Tujuh bulan lamanya PSM Unej mempersiapkan diri untuk mengikuti 5th Grand Prix Pattaya 2012 di Thailand. Kompetisi ini terasa istimewa bagi seluruh anggota PSM Unej pasalnya selama berdiri 24 Nopember 1980 baru kali ini mempunyai kesempatan untuk bertanding keluar negeri.

Tentunya kesempatan ini tidak akan disia-siakan begitu saja. Pengurus PSM Unej membentuk panitia kecil yang mempunyai tugas masing-masing. Mereka setiap hari   berkumpul di gedung Soetardjo yang selama ini menjadi “rumah” untuk berkreasi, menuangkan segala pikiran dan uneg-uneg di hati, dan tempat untuk menyamakan langkah-langkah yang harus ditempuh.

Dalam koordinasi itu berbagai pikiran dituangkan. Seksi dana dan usaha memberikan pandangannya bagaimana cara PSM Unej untuk mengumpulkan dana sebanyak-banyaknya. Tentu saja mereka selalu berkoordinasi dengan dengan pihak rektorat dalam hal ini Pembantu Rektor III beserta staf yang membawahi kegiatan kemahasiswaan dan Pembantu Rektor II beserta staf sebagai tempat “wadul” dan konsultasi masalah cara pendanaan yang memungkinkan yang bisa dilakukan anak-anak PSM Unej. Dan tentu saja dengan drs. Moh. Hasan M.Sc Ph.D Rektor Universitas Jember yang mendukung penuh keberangkatan kami.

Akhirnya munculah ide untuk membuat konser “Pra Competition” yang jamak dilakukan oleh tim paduan suara yang akan mengikuti kompetisi untuk mendapatkan tambahan dana. Dalam acara konser tersebut terkumpulah sejumlah dana dari para donatur termasuk dari Pemkab Jember dengan jumlah yang membuat kami semua merasa lebih mantab untuk menatap kompetisi ini.

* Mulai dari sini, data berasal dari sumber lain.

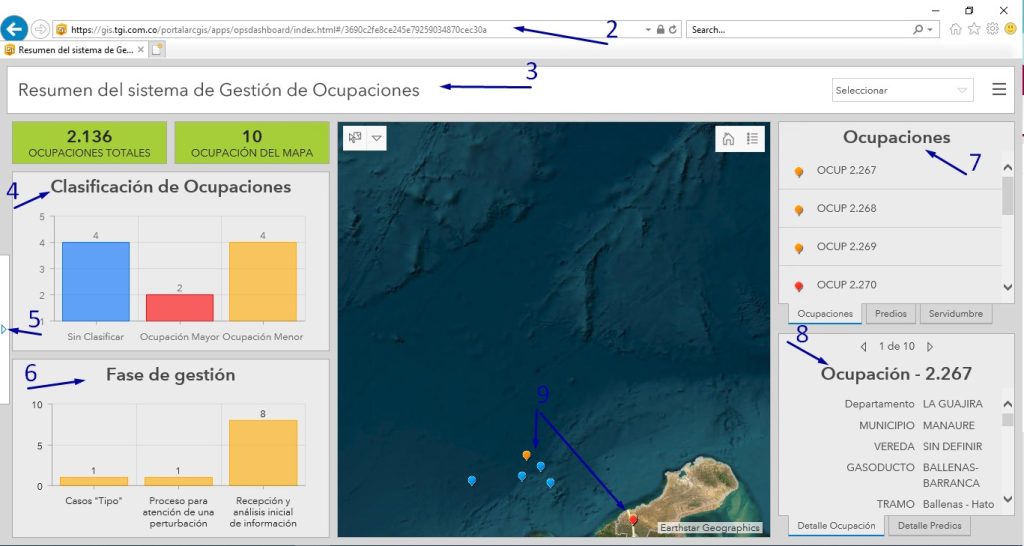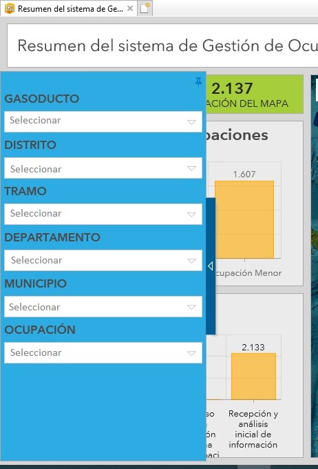 Esta opción nos permite visualizar un tablero del resumen de ocupaciones /Invasiones /Perturbaciones que nos muestra la información en elementos visuales fáciles de entender

Selain menggelar konser anak-anak juga mulai rajin bangun pagi-pagi setiap hari minggu. Mereka membuat salad buah dan sandwich yang dijual di pasar dadakan yang banyak dikunjungi warga Jember setiap hari  minggu di alun-alun Jember.

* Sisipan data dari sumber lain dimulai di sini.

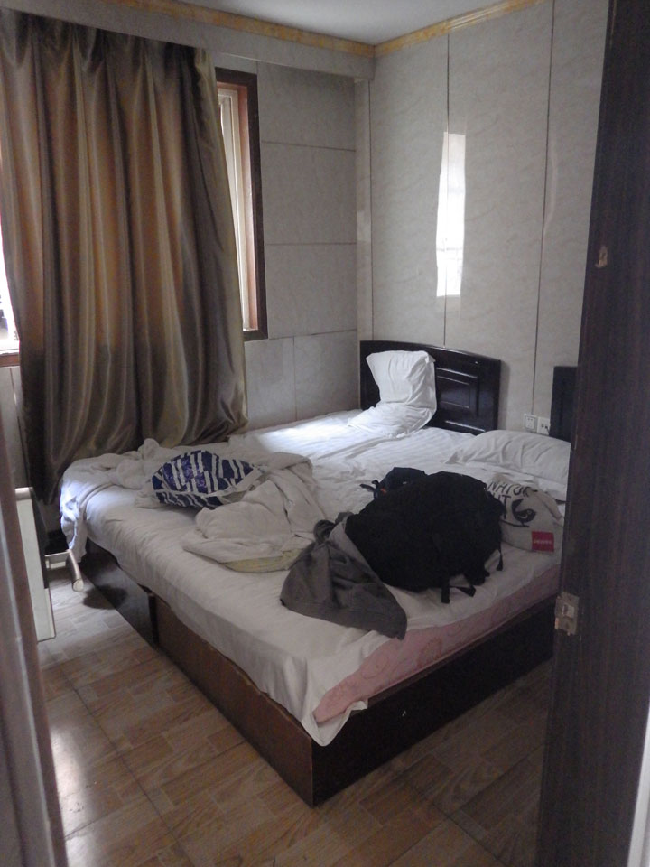 So blieb ich die meiste Zeit dann erst mal da, chillte und drehte erst in der Nacht noch eine Runde. Dabei kam ich wohl von der falschen Seite vom Hügel runter, denn da war nichts los. In einem Markt dann aß ich eine Instant-Suppe, wie auch ein paar Chinesen und ging wieder zurück. Kakerlaken hatte das Zimmer auch – für €16 ist das wohl hier so. Das Bett war aber bequem. Na mal sehen.

Ketika mereka merelakan malam minggunya untuk latihan di gedung Sutardjo, kelelahan yang tidak bisa mereka sembunyikan dari mata yang mulai terlihat sayu, tetapi semangat berjuang yang tinggi sehingga membuat saya sulit untuk menghentikan acara latihan.  Ketika saya mencoba untuk menanyakan apakah dengan kondisi fisik yang terlihat lelah malam itu mereka akan tetap bangun jam 3 dini hari untuk mempersiapkan saladnya. Dengan mantab mereka menjawab “Mas kami juga harus belajar berwirausaha, kami harus bisa mengelola kas yang kami jadikan modal supaya terus bertambah dan bisa sedikit-sedikit buat tambahan berangkat ke Thailand”. Nampaknya memang saya yang harus mengalah dengan meniadakan jadwal latihan di hari minggu pagi sampai siang dengan mengganti di minggu malamnya. 

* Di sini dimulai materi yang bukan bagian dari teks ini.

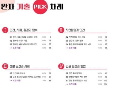 5) 통합사회 중간고사 대비를 위해 완자 기출 PICK 통합사회 1000제를 구매하였습니다. 아이 학교 통합교과 교과서가 비상출판사라 완자 시리즈로 구매를 하였고요. 완자 기출 PICK 통합사회 1000제는 다른 문제집에 비해 난이도가 있는 편이라 중간고사 및 기말고사 대비용으로 아주 좋은것 같습니다. 시험 준비에 많은 도움이 되었어요.
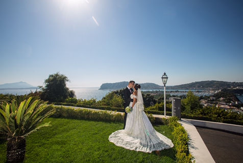 Summer wedding withbreathtaking panoramic viewto the Gulf of Naples. The wedding took place in a luxurious villa, with numerous guests who came from all over Italy and America. The villa where the wedding took place is also a 5-star hotel, with its own restaurant andstar chef. Everything was according to European traditions: a wedding ceremony with a panoramic view, an aperitif with a variety of snacks on the terrace and a wedding dinner in a restaurant with large windows, from where all the guests watchedamazing sunset.

Usaha yang dilakukan anak-anak ternyata tidak sia-sia. Sampai suatu saat anak-anak mendapat berita gembira. Berita tersebut datang dari Rektorat. Isinya? Kami semua diminta untuk lebih fokus menghadapi lomba secara teknis. Urusan dana akan difikirkan rektorat.   

Kepastian berangkat lomba sudah ada, satu masalah terlewati. Tidak kalah hebohnya adalah seksi latihan dan teknis lomba. Tentunya saya tidak bisa memutuskan lagu apa yang akan kami bawakan walaupun kami sudah tahu bahwa nantinya kami akan turun di kategori F1 Folklore a capella, yaitu lagu tradisional yang harus dibawakan tanpa iringan.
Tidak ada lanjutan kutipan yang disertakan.